Highly expressed genes are associated with:  
- Very short indels  
- High gene density  
- High GC content  
- High density of SINE (short interspersed nuclear element) repeats  
- Low density of LINE (long interspersed nuclear element) repeats  
- Both housekeeping and tissue-specific expression

Lowly expressed genes show the opposite patterns.

.small[ Versteeg, Rogier, et al. "The human transcriptome map reveals extremes in gene density, intron length, GC content, and repeat pattern for domains of highly and weakly expressed genes." Genome research 13.9 (2003): 1998-2004. https://doi.org/10.1101/gr.1649303. ]

---
## Genes are unevenly distributed across chromosomes

Chromosome 19 is the most gene dense chromosome in the human genome

---
## GENCODE – Annotated Gene Features (Human, Release 48, May 2025)

- **Protein-coding genes**: ~19,435 genes in main chromosomes (excluding ~661 readthrough genes)

- **PolyA+ transcripts**:
  - Most are fully spliced before being exported from the nucleus (co-transcriptional splicing; "first transcribed, first spliced")
  - Many genes express at least two dominant splice isoforms  
  - Exhibit allele-specific expression (potential imprinting)

- **PolyA– genes**:
  - Enriched for long non-coding RNAs (lncRNAs)
  - Also show allele-specific expression

.small[ https://www.gencodegenes.org/human/stats.html ]

---
## GENCODE – Annotated Gene Features (Human)

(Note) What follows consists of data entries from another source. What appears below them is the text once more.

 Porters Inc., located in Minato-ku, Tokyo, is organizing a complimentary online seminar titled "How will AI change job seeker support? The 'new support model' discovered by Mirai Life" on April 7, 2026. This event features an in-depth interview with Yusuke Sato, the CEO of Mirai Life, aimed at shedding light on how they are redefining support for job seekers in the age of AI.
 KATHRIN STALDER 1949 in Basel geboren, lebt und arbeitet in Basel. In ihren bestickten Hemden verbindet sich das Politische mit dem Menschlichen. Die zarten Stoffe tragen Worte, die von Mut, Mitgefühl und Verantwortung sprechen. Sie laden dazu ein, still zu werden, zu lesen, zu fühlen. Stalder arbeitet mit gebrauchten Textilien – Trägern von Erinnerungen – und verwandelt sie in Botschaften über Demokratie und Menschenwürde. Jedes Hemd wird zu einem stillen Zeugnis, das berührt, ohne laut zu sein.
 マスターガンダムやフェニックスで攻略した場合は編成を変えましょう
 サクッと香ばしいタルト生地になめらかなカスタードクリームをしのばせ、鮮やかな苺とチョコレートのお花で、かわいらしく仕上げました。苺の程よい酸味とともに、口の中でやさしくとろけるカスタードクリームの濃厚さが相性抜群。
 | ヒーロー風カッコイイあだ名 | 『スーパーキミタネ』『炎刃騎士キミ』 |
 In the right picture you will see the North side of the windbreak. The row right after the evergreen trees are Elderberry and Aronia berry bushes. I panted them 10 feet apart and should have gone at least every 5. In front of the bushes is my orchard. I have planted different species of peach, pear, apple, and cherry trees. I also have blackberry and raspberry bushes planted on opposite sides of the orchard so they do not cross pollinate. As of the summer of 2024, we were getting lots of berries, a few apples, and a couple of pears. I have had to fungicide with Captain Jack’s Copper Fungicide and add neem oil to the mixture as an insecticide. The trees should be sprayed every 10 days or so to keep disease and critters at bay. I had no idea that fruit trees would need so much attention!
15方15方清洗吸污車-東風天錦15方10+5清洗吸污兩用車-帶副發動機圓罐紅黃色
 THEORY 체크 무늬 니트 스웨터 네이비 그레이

- **Pervasive transcription**: ~85% of the genome shows evidence of transcription (primary or processed RNAs), while less than ~3% corresponds to annotated exons

- **Pseudogenes**: ~14,700 in total, as annotated by GENCODE Release 48  
  - A small subset are transcribed and may function as regulatory decoys.

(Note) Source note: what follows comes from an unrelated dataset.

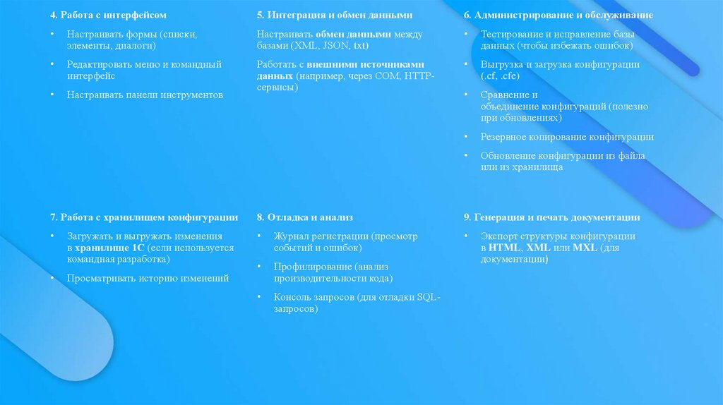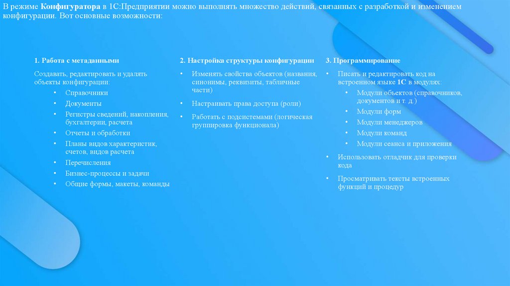 В режиме Конфигуратора в 1С:Предприятии можно выполнять множество действий, связанных с разработкой и изменениемконфигурации. Вот основные возможности:

- **Long non-coding RNAs (lncRNAs)**: ~35,900 genes annotated   
  - ~78% are tissue-specific, compared to ~19% for mRNAs 
  - Many are primate-specific (~30%); relatively few are uniquely human  
  - Tend to be poorly spliced: ~42% have only two exons

.small[ https://www.gencodegenes.org/human/stats.html ]

---
## GENCODE – Annotated Gene Features (Human, Latest Release)

- **Small non-coding RNA genes**: ~7,560 total (includes tRNAs, miRNAs, snRNAs, snoRNAs, etc.)
  - Many lncRNA transcripts are processed into stable small RNAs.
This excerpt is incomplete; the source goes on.